Beförderung Beförderung: "Hallo Taxi?" Fehlanzeige!

Naumburg - Am späten Abend, im Dunkeln, sind Bahnhofsvorplätze für die meisten Menschen kein angenehmer Aufenthaltsort. Da lässt man sich lieber schnell von Familie oder Freunden abholen. Oder springt, wenn man als Fremder anreist, ins nächstbeste Taxi. In Naumburg aber gibt es ein Problem: Denn an vielen Abenden, vor allem unter der Woche, ist der Taxistand am Bahnhof mittlerweile völlig verwaist.
„Es passiert ständig, dass Pensionsgäste zu Fuß mit ihren Koffern in die Stadt laufen, weil sie nach 22 Uhr kein Taxi bekommen haben“, sagt etwa Torsten Biel, Betreiber der Pension „Typisch Naumburg“. Steffi Schikor, die städtische Gleichstellungsbeauftragte, hat das Problem nach Dienstreisen per Zug ebenfalls schon oft persönlich erlebt. „Das Sicherheitsempfinden ist schon stark beeinträchtigt, wenn man da als Frau ganz allein am Taxistand neben der Gartenanlage wartet. Ich habe jetzt immer eine Liste von Taxi-Telefonnummern bei mir. Dann klappt es auch.“
Eine solche Liste haben Touristen aber nicht. Manche, vor allem Ältere, haben auch kein Smartphone als schnelle Lösung dabei. Einen Aushang am Taxistand gibt es auch nicht mehr. Man fragt sich nun aber: Wo sind all die Taxis hin?
„Ich bin einer der wenigen Unternehmer, der in Naumburg nachts noch Autos fahren hat“, sagt Christoph Hinze, Inhaber von „Dom-Taxi“. Laut Verordnung müsste jeder Anbieter nachts einen Fahrservice anbieten, „aber das wird doch vom Amt gar nicht kontrolliert“, behauptet Hinze.

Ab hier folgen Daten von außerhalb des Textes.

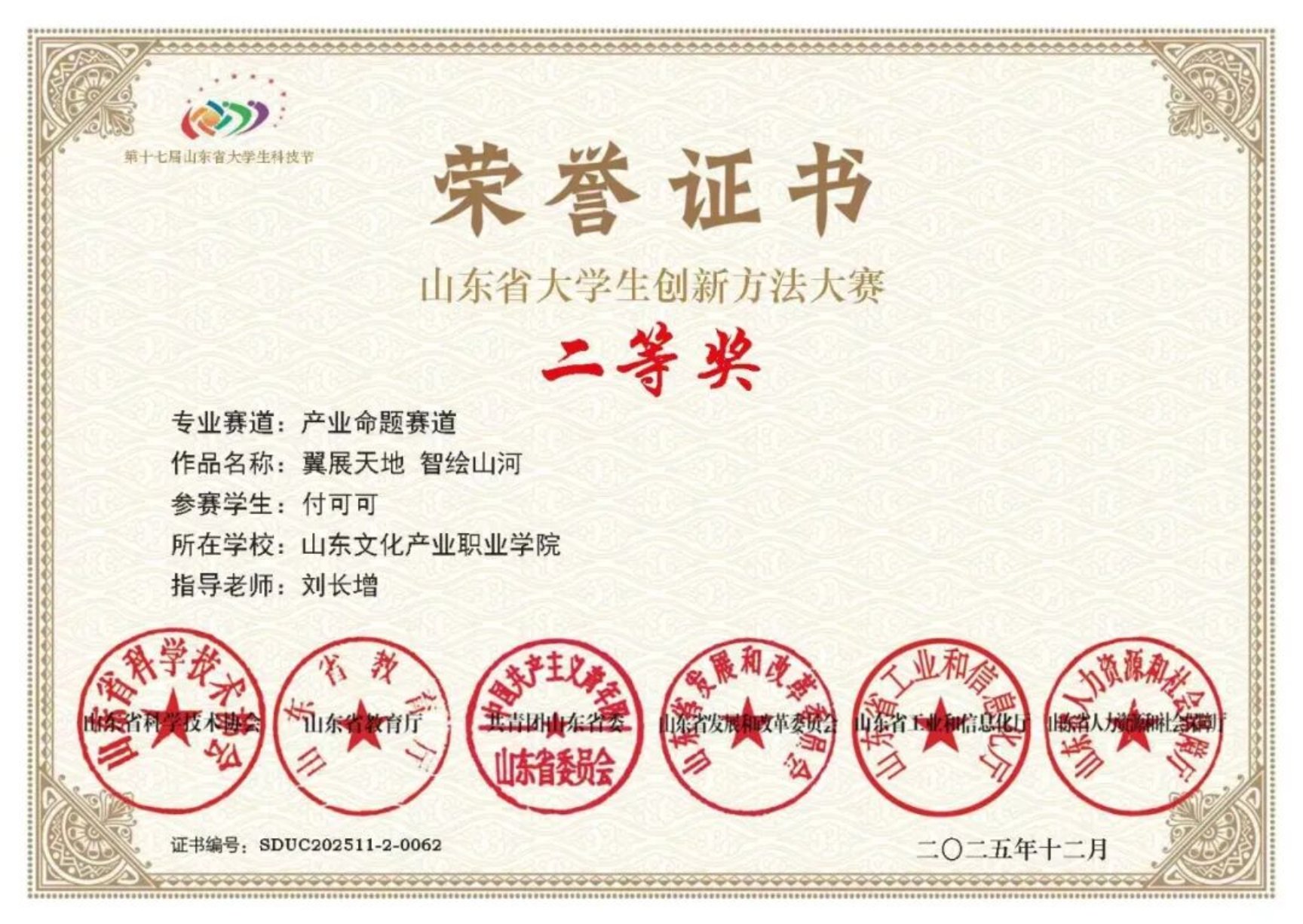 近日,在第十七届山东省大学生科技节“大学生创新方法大赛”中,山东文化产业职业学院师生表现卓越,脱颖而出,成功斩获省级二等奖2项、三等奖1项。这一优异成绩,充分彰显了我校在创新教育领域的扎实功底与丰硕成果。

Die Wurzel des Übels liege im Mindestlohn. Da er nun seine Fahrer pro Stunde und nicht mehr pro Einsatz bezahlen muss, können die Mitarbeiter in einer Montag- oder Dienstagnacht nicht ihren Stundenlohn herausfahren. „Und in kleinen Betrieben schafft es dann nicht einmal die Tagschicht, genug zu verdienen, um den Lohn der Nachtschicht zu erarbeiten“, erklärt Hinze, warum viele kleinere Unternehmen nachts nicht mehr auf der Straße zu finden sind. „Alle konzentrieren sich auf die geplanten Fahrten tagsüber, etwa von Kranken. Das Risiko mit den spontanen Fahrten tun sich viele nicht mehr an.“
Die Klagen der Taxi-Unternehmer dürften sich für viele Fahrgäste jedoch wie der blanke Hohn anhören. Werden sie doch im Burgenlandkreis so stark geschröpft wie nirgendwo sonst. Eine Studie hat festgestellt, dass hierzulande die höchsten Fahrpreise Deutschlands gelten (siehe auch „Trauriger Spitzenplatz“). Doch selbst diese Einnahmen gleichen in den Nachtstunden die Löhne der Fahrer nicht aus. Beim Burgenlandkreis, der für die Taxi-Konzessionen zuständig ist, sieht man das Problem nicht. Auf Anfrage teilte die Straßenverkehrsbehörde mit, dass der Bestand an Taxen im Kreis „tendenziell annähernd gleichbleibend“ sei und die Unternehmen ihre „genehmigten Taxen bei Tag und Nacht vorzuhalten haben“. Kontrollen würden regelmäßig stattfinden. „Probleme bezüglich der Bereitstellung von Taxen in den Nachtstunden in Naumburg wurden bis zum gegenwärtigen Zeitpunkt noch nicht an den Kreis herangetragen“, heißt es.
Indes ist es kein Geheimnis, dass in Naumburg und Umgebung seit Langem Schwarztaxen unterwegs sind. Eine logische Entwicklung, wie uns eine Frau erzählt, die seit Jahren tagein, tagaus Gäste transportiert - für ein Handgeld. „Es ist doch kein Wunder. Wer will denn bei den überzogenen Preisen noch Taxi fahren?“ Ihr (illegales) Geschäft läuft ganz gut, Fahrgäste transportiert sie nicht nur in der Region, sondern längst auch zu den Flughäfen wie Leipzig-Halle. „Die Leute können mich zu jeder Tages- und Nachtzeit anrufen“, sagt sie. Sogar Prominente sollen schon mitgefahren sein.
Das Fazit ist also klar: Wer die richtige Telefonnummer hat (ob legal oder nicht), wird in Naumburg gefahren. Wer nicht, steht oder geht im Dunkeln.